When we gain access to the histories of China and of India, the endlessness of the subject-matter will reveal to us the defects in the study, and force our historians to see that the object of science is to recognize the many in the one, to perceive the rules in any given example, and to apply to the life of nations a knowledge of mankind; not to go on counting up facts ad infinitum.
There are two kinds of history; the history of politics and the history of literature and art. The one is the history of the will; the other, that of the intellect. The first is a tale of woe, even of terror: it is a record of agony, struggle, fraud, and horrible murder en masse. The second is everywhere pleasing and serene, like the intellect when left to itself, even though its path be one of error. Its chief branch is the history of philosophy. This is, in fact, its fundamental bass, and the notes of it are heard even in the other kind of history. These deep tones guide the formation of opinion, and opinion rules the world. Hence philosophy, rightly understood, is a material force of the most powerful kind, though very slow in its working. The philosophy of a period is thus the fundamental bass of its history.
The NEWSPAPER, is the second-hand in the clock of history; and it is not only made of baser metal than those which point to the minute and the hour, but it seldom goes right.
The so-called leading article is the chorus to the drama of passing events.
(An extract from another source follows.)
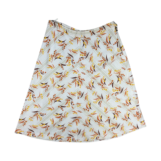Vintage 60s 70s White Botanical Print A-line Skirt 12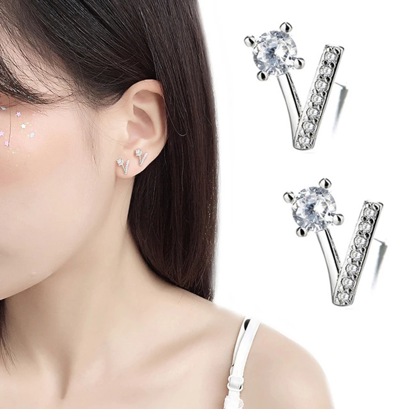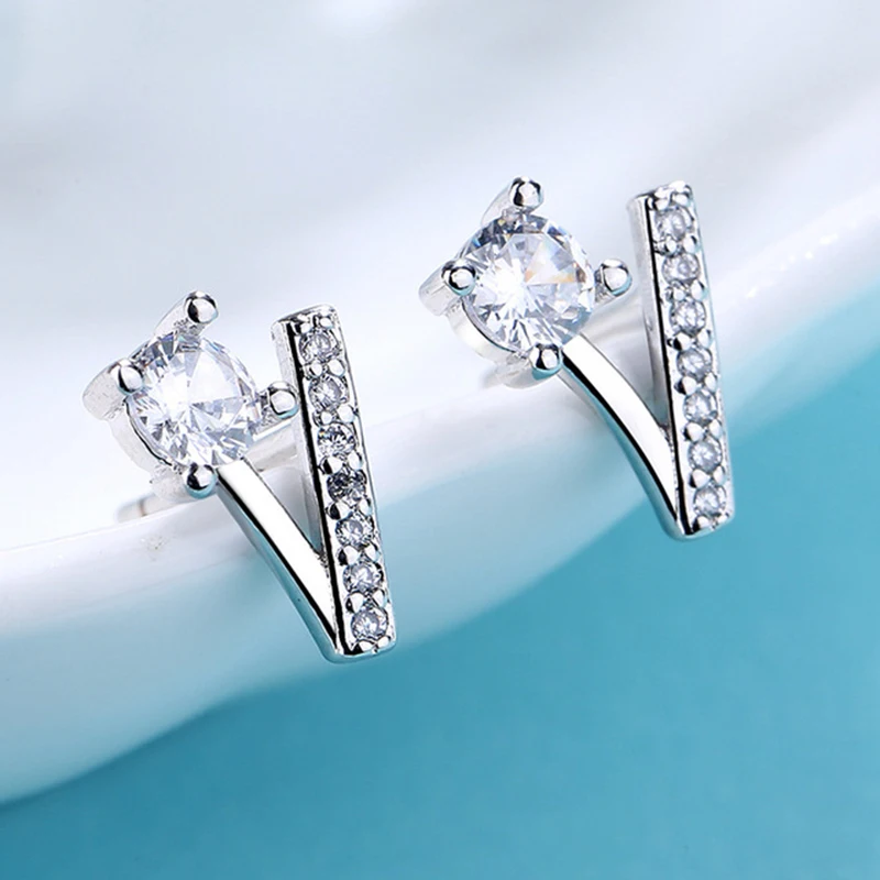 Изысканные геометрические серьги-гвоздики в форме буквы для женщин, ювелирные изделия из стерлингового серебра 925 пробы, массивные серьги Материал: серебристый фианит Размер: как показано Состояние: 100% новый бренд Повод: подарок на свадьбу, день рождения, День святого Валентина

Exaggeration of every kind is as essential to journalism as it is to the dramatic art; for the object of journalism is to make events go as far as possible. Thus it is that all journalists are, in the very nature of their calling, alarmists; and this is their way of giving interest to what they write. Herein they are like little dogs; if anything stirs, they immediately set up a shrill bark.
Therefore, let us carefully regulate the attention to be paid to this trumpet of danger, so that it may not disturb our digestion. Let us recognize that a newspaper is at best but a magnifying-glass, and very often merely a shadow on the wall.
The pen is to thought what the stick is to walking; but you walk most easily when you have no stick, and you think with the greatest perfection when you have no pen in your hand. It is only when a man begins to be old that he likes to use a stick and is glad to take up his pen.
When an hypothesis has once come to birth in the mind, or gained a footing there, it leads a life so far comparable with the life of an organism, as that it assimilates matter from the outer world only when it is like in kind with it and beneficial; and when, contrarily, such matter is not like in kind but hurtful, the hypothesis, equally with the organism, throws it off, or, if forced to take it, gets rid of it again entire.
To gain immortality an author must possess so many excellences that while it will not be easy to find anyone to understand and appreciate them all, there will be men in every age who are able to recognize and value some of them. In this way the credit of his book will be maintained throughout the long course of centuries, in spite of the fact that human interests are always changing.